The Dustbin

| 11 Nov 2014 | 11:37

    HOW IN THE NAME of god did the music of Dory Previn slip down the culture drain? Probably nobody but Dylan and the Residents have been able to do what she did with a lric.

    I don’t even know if she’s alive. I’ve tried to find out on the web, but the few references bounce off each other. Someone thought she died about five years back. Another said she may have changed her name in the last decade, but if so, that name doesn’t lead you anywhere either. Her music was nominated for an Oscar, for, of all things, Valley of the Dolls, in 1967. And then she went nuts and was institutionalized because of fear of flying. One of the reasons her music disappeared is that she refused to tour.

    The ex-wife of Andre Previn and the victim of Mia Farrow (who stole her husband before casting him off for Woody Allen), Previn, starting in 1970, pushed a quirky, often unfinished voice across maybe a half-dozen albums to record the history of someone who was abused by her father and the Catholic Church long before it became hip.

    But Previn’s much more than that. She drags human disaster into the small room down the corridor and reads to it there from a quiet, penetrating book. A little-girl fear runs through both voice and lyrics, overlaid by cynicism and the wisdom of years. (Previn was about 40 when her first album came out.) I don’t know a combination quite like it anywhere else. "Mr. Whisper," on her first album (On My Way to Where, 1970), is an agonizing description of being ripped apart in the shock-therapy mill of mental hospitals. It ends in spoken echoes of extraordinary pain.

    "Did Jesus Have a Baby Sister?" she asks on her untitled album (put out without notes to save paper during the energy crisis of 1974, though why it’s without title is less clear), then tells you what the Holy Sibling’s life would have been like:

    Did she long to be the saviour

    Saving everyone

    She met?

    And in private to her mirror

    Did she whisper

    Saviourette?

    There’s a pacifist sentiment to some of her songs that you could agree with or not, but it’s not important. The human aspect is foremost. Did Jesus have a baby sister?

    Previn’s few but enthusiastic fans seem to like the album Mythical Kings and Iguanas. I don’t, much. She wanders off here from the personally based tales that hit like nails in your feet. I think the untitled album is her best. You could drop a couple of tracks ("New Rooms" and, especially, "The Empress of China"), but what’s left is a modern Cole Porter turned confessional.

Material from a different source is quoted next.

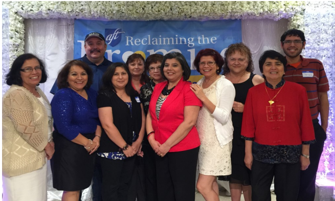
Members at the Christmas Social
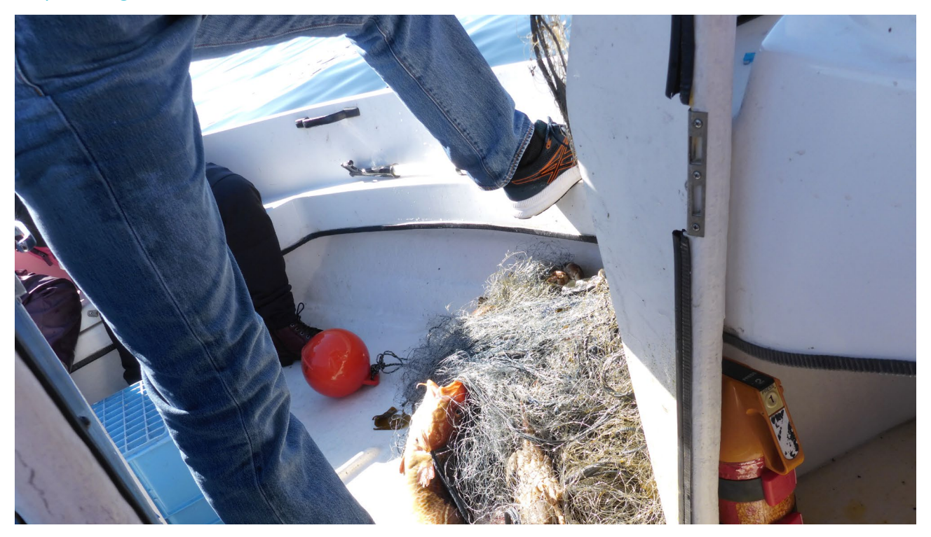
Figure 7, The fish net, photo by a child from Klokkarvik barnehage

The opening two songs–"Lover, Lover, Be My Cover" and "Coldwater Canyon"–dig deep into the soul. "Coldwater Canyon" is intensely visual, with each image ramming home the underlying emotion:

    She ran ran wild

    Like a paranoid child

    And nothing was aware

    Of her flight

    Except the eye

    Of the sleeping sky

    And the ear

    Of the infinite

    Still and silent night.

    Okay, you can’t hear the music behind these written presumptions, and the music is vitally important because it sets up something like cognitive dissonance. While she was putting the first album together, she didn’t trust herself to compose her own music (or so a reviewer said at the time). But after she heard what her composers had drummed up, she ditched it (except for "With My Daddy in the Attic") and put together her own work. After that, she needed no help.

    Much of Previn’s tunesmithing is bouncy, almost danceable, an easy, conscious affront to the lyrics, including such apparent contextual nonsense as pedal steel. Think of Penn and Teller. Is there any reason these two should make sense together? And is there any way you could improve on their totality?